Thoughts flash through his head in an instant. He is needed. It’s bandits, or rebels. They’re attacking. They’re going to kill him and take all the tourists hostage. He has to fight back; he must protect them. He turns, instinctively, raising his gun. He pulls the trigger and fires into the light. Most of the bullets careen wildly off into the jungle but a few punch into the tin sides of the truck. There is shouting from the truck. They are frightened, and speed off as fast as they can. Everything seems to stop. The sound of the gun hangs heavily in the air, echoing into the distance.
He is shaken back into the moment by the stern hand of the driver on his shoulder. Lan looks into his furious eyes and realizes what has happened. It was just the truck’s engine backfiring. All the trucks are at least ten years old. It happens all the time. He splutters out an apology but he’s drowned out by screaming passengers still inside the bus who watched the whole thing. The driver quickly leaves him and the mechanic climbs out from under the bus. The air conditioning can wait. The driver gathers all the tourists together and explains in halting, company-taught English that everything is fine, just an accident, a misfire, and that now it is time to go. They all file quickly and silently onto the bus, each of them risking a little glance at Lan standing sheepishly in the dust. Soon they are all aboard and the engine is purring to life. The driver has waited to see them all onboard. He messes with his belt, hiking up his pants and tightening it before he comes over to Lan.

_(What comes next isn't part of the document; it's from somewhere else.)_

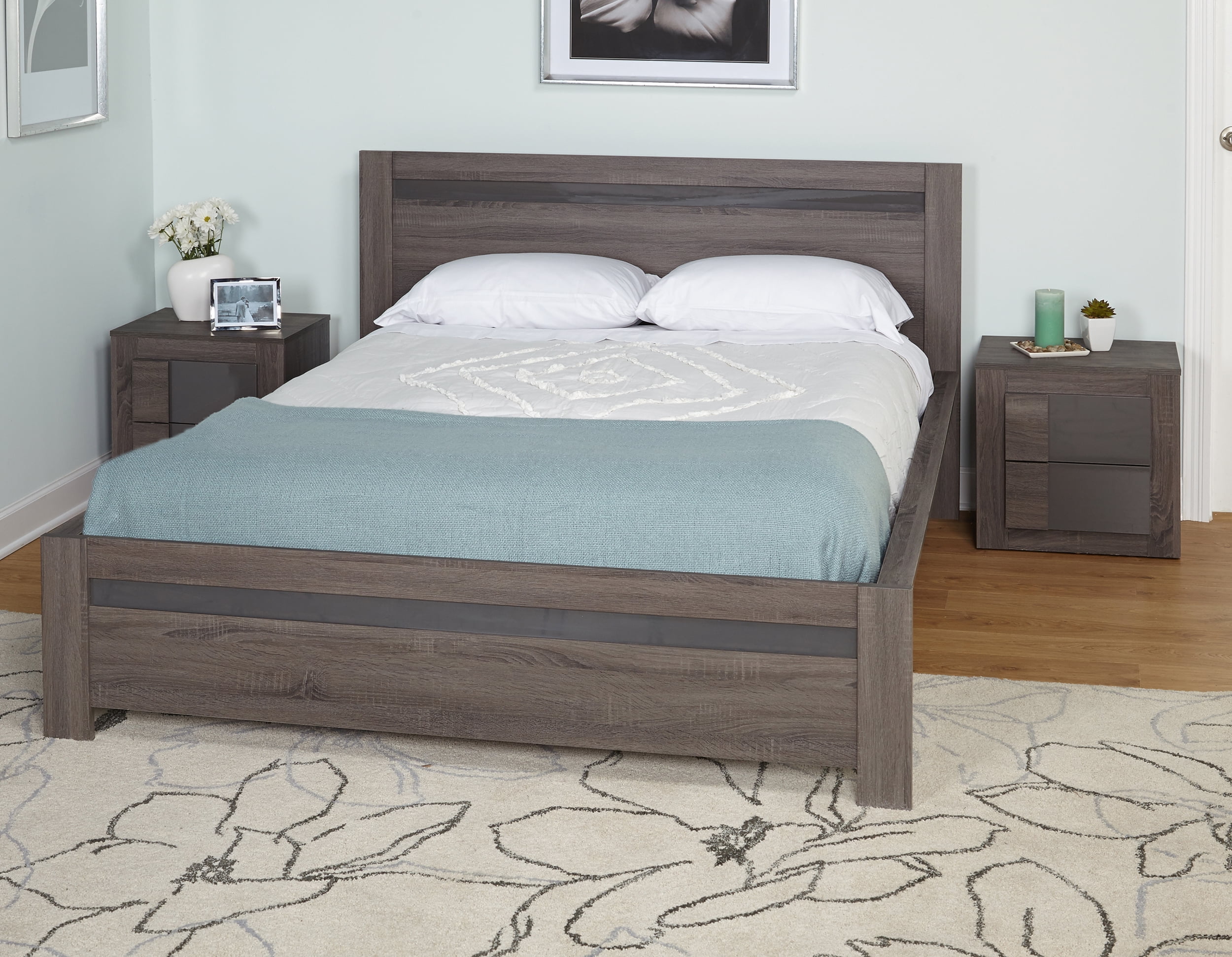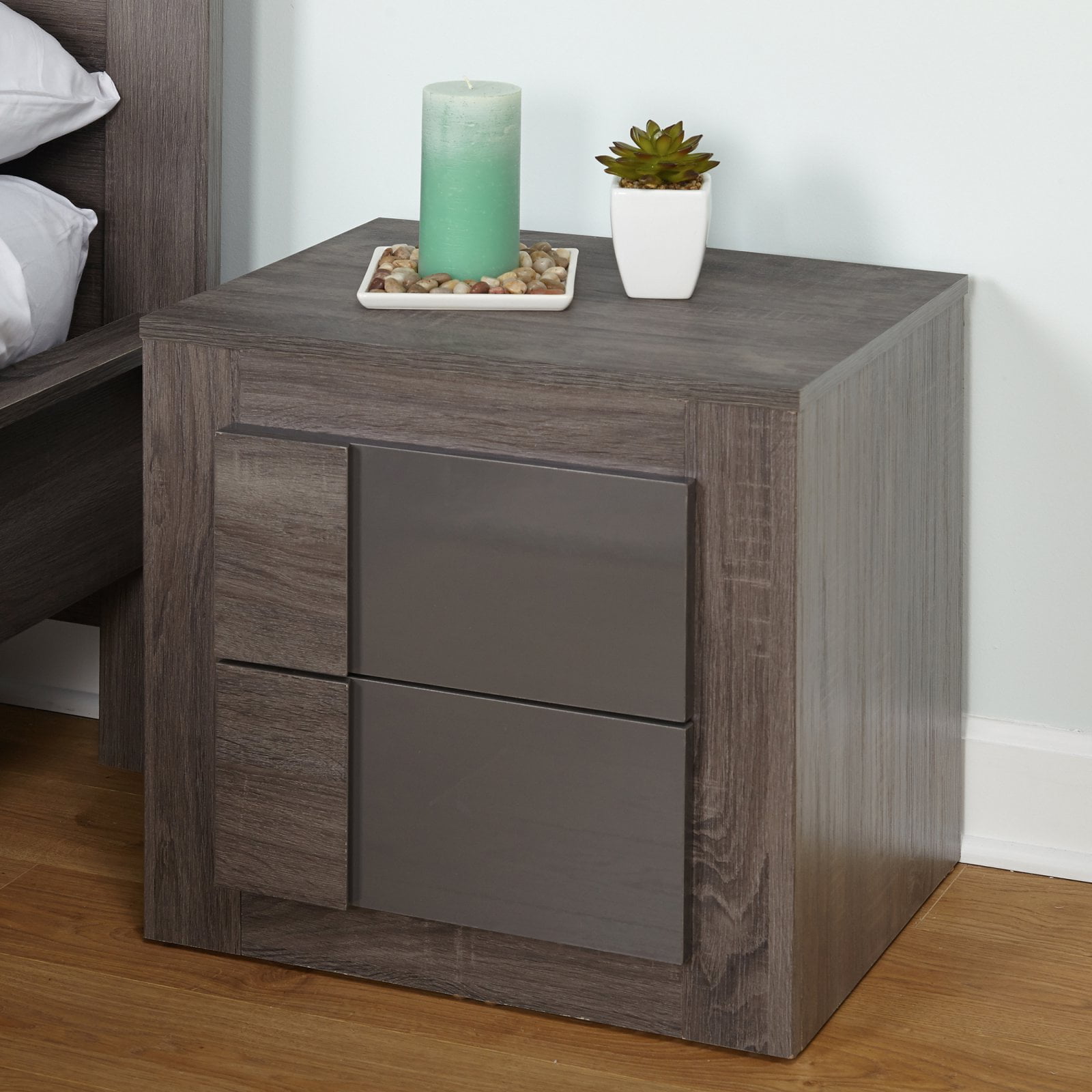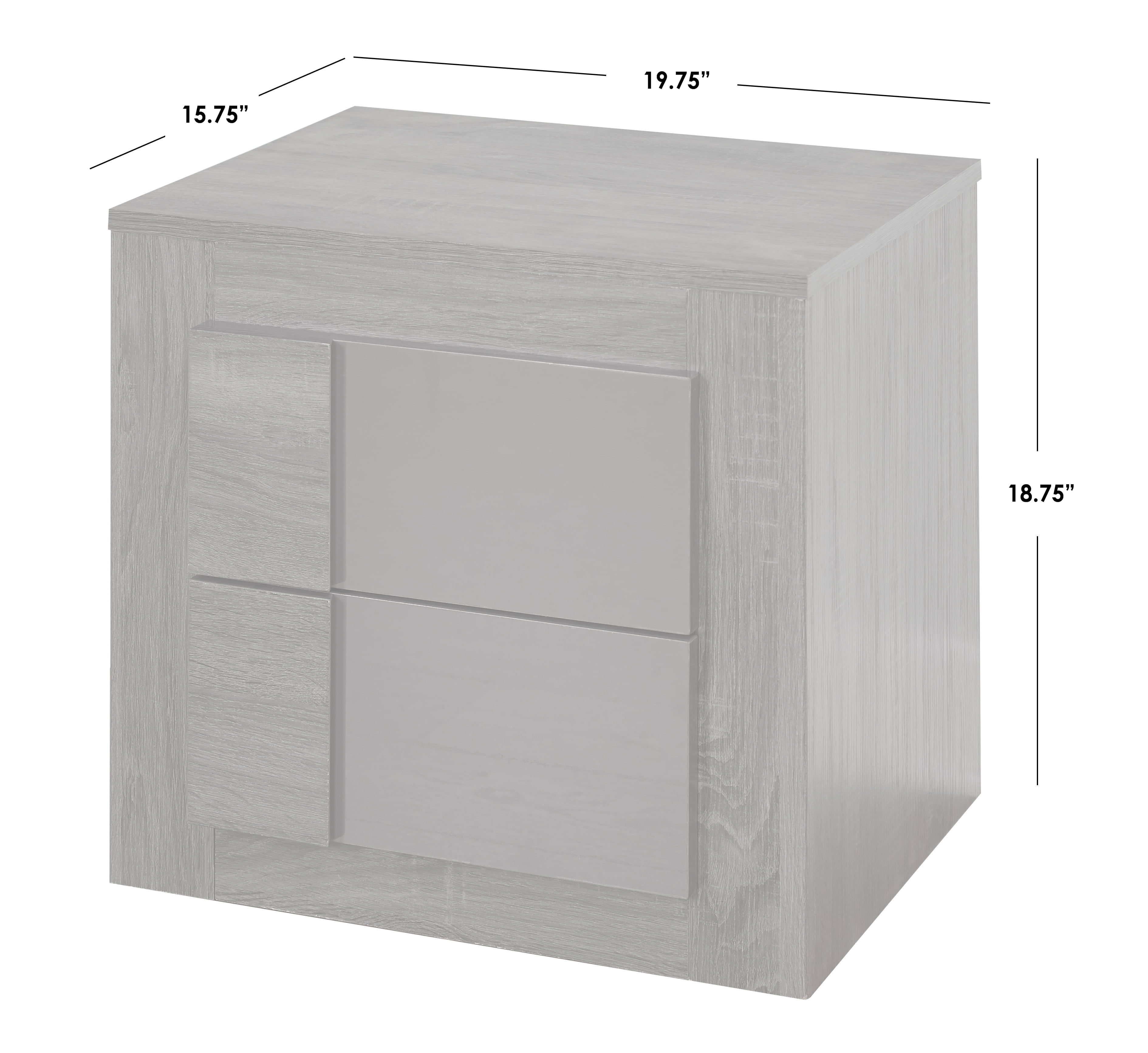 The Maya 2 Drawer Nightstand features a design that blends well into bedrooms of any style. Each drawer features a high-gloss gray finish for interest and depth against an otherwise oak finish. The sturdy wood composite and laminate frame with contrasting two drawers provide elegance and style to any room. Two spacious drawers provide ample space for storage. Personalize this nightstand with your favorite phots, lamps or any other accessories. Perfect for any space and blends in well with any decor. Assembly needed

“Why did you do that? It was just an old truck. The passengers are very scared now! Our customers do not pay good money for trouble like this. The bosses will fire you! Give it to me.” Lan hands him the weapon and the driver stows it with the luggage.
“I’m sorry,” Lan says, as the driver climbs aboard. He comes up and takes his seat. The bus is back on the road to Vientiane, five more hours now. The fluorescent light of the rest stop disappears as they plunge back into the dark.
He and his father were deep in the jungle hunting when it happened. The explosion had knocked Lan to the ground and left a deafening emptiness in the air. His father had stepped down on a bomb, one of a thousand live explosives lying across the countryside. It was dropped there by the Americans, in a secret war against communists that ended years before Lan was born and of which he knows nothing about. His parents never wanted to talk about the war days. He had found his father in a small clearing where all the brush was gone. He had only been half there, but Lan had tried to carry him back to the village anyway. It was hopeless. He had been very close, and the burst of the explosion was with him ceaselessly day and night for weeks afterward. Now it has returned, but this time it is quickly fading, not burned into his memory. He slumps down in his seat and thinks about going home, about telling his mother that he has lost the job. He thinks of his father, and what he might have said, but that really doesn’t matter. He puts his face against the fogged glass of the window and watches the night roll past.